On Tuesday 02 October 2007 10:07:56 gimp_user wrote:
> On Thursday 27 September 2007 08:00:45 George Farris wrote:
> > Though you object to selective discussion of your discorse, you have
> > at least twice falsely referred to gimp's lack of a tool for "non-
> > distructive editing".  The term is a contradiction in itself.  Perhaps
> > you can take the time to explain your meaning?
> Yes I do object to selective discussion because it means no one else is
> able to follow the whole thread when bits get cut out so the thread gets
> chopped into fragmnents - each one then gets followed selectively. Readers
> then find they have to flip backwards and forwards to follow the
> discussion.
> As this was a diversion from an original topic in a separate thread, and
> because your question is such a good one,  I have decided to recast my
> original reply as a seperate topic and provide a little more detail.

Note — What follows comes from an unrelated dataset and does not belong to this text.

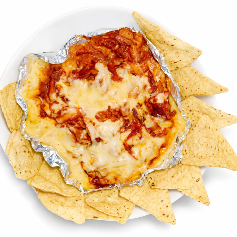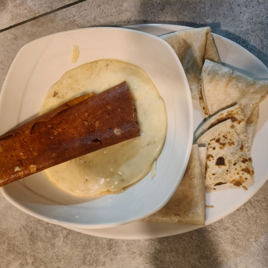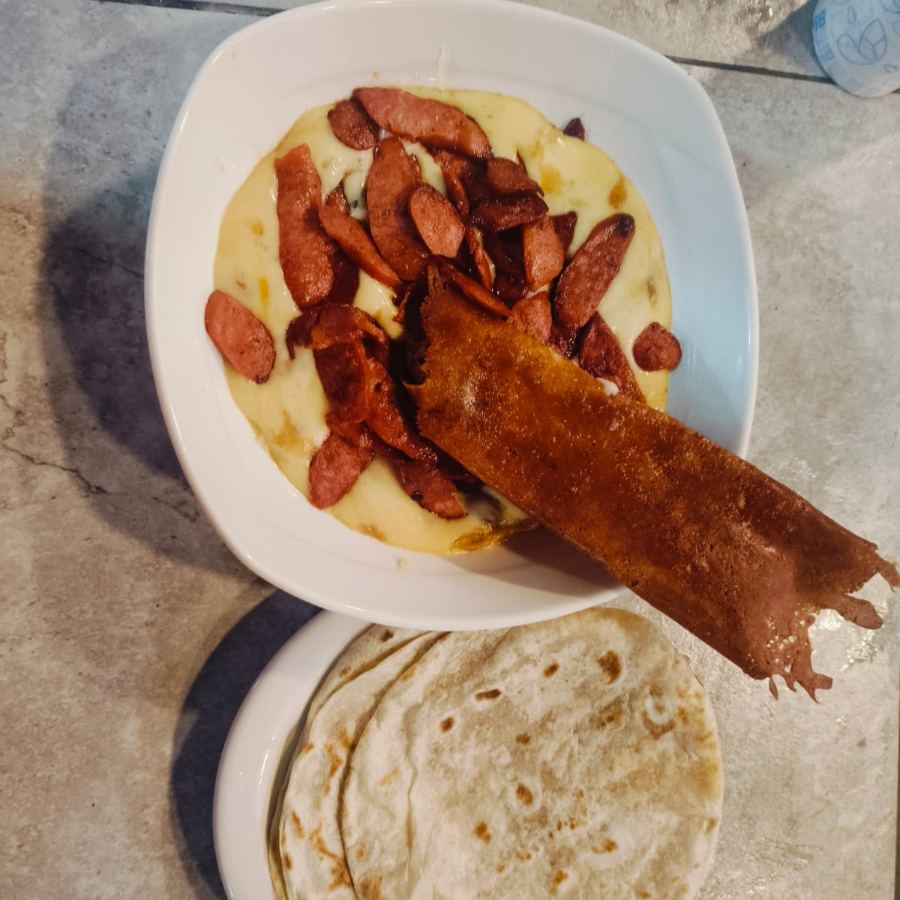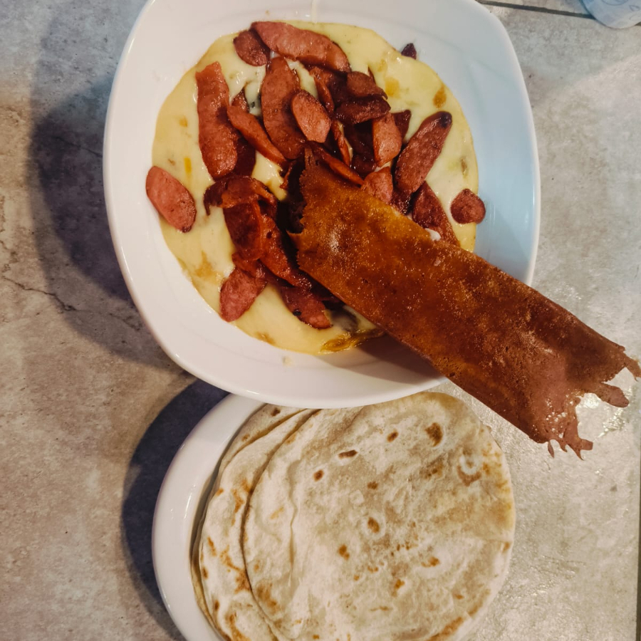 El queso de la casa fundido con deliciosos chistorra de cortesia una costra de queso, acompañado de tortillas de harina

> This is not the first time a lack of understanding about the
> term "non-destructive editing" has come up and you are  not the only one
> who has the mistaken belief that it is OK to falsely accuse others on this
> list of something equivalent to having
> >"falsely referred to gimp's lack of a tool for "non- distructive editing"
> when you do not even understand the term under discussion.
> I believe gimp is a "good enough" tool not to need inappropriate defensive
> reactions or ill-informed responses when its limitations are discussed. The
> discussion of limitations leads to enhancement and there his ample history
> of enhancement in Gimp's progress. Gimp is a substantial tool that, in
> common with all other tool sets has limitations and weaknesses. In
> non-destructive editing  Gimp's weaknesses are substantial, however once
> support for 16 bit per channel  AND native raw file handling has been
> developed the path will be open for solving the problem.
> Before amplifying I do not want to you to have any mistaken impressions
> about   photoshop because one of my irritations with PS is that it does not
> yet fully achieve fully non-destructive editing. Its support for
> non-destructive editing is now quite substantial. It is getting there by a
> process of incremental improvement (whilst gimp cannot approach it) and
> each
> version seems to provide me with a more complete set (e.g. I have just
> upgraded to CS3 which, among other things, now has exposure adjustments
> available as a
> non-destructive layer whereas in CS2 exposure was not accomplished
> non-destructively.)
> By this I mean that one starts with loading the original image and that
> original can remain in the bottom of the stack. In the case of professional
> digital images that means raw files are sourced and loaded as 16bit images.
> Non-destructive editing can, for example, be accomplished by having each
> edit take place as a layer which can, at any later point, be revisited,
> either by by the original image manipulator or anyone further down the
> chain. That layer can therefore be tweaked later in the process.  There are
> some processes in PS that cannot be accomplished non-destructively but as
> Gimp does not even start with the ability to load a raw image or even an
> image at 16 bit we cannot begin the process.
> With non-destructive editing every individual edit can be selectively
> applied to the output (to screen, printer etc). Each edit is not applied to
> the original which remains intact. For example it means I could apply two
> alternative exposure corrections. At a very much later stage, and after
> much subsequent editing, either I or someone on some other machine, could
> print 4 copies namely the original without either  correction, with the
> first correction only, the second correction, or the sum of both
> corrections.
> Non-destructive editing also implies the ability to transfer files between
> people and organization in a form that they can amend the edits applied by
> previous manipulators.
> This is not a complete answer because there is more to it but I hope I have
> geven enough information to help explain why non-destructive editing is not
> a contradiction and also to ask you to withdraw your rather unkind and
> inappropriate accusation of falsity.
One thing I forgot to mention is that if you are simply trying to edit an 
image for your own use and can revisit the original then the absense of 
non-destrucitve editing features may not be a handicap. The point is to know 
what you can and cannot do with each and every toolset and when a tool is 
appropriate to your needs and when it is not.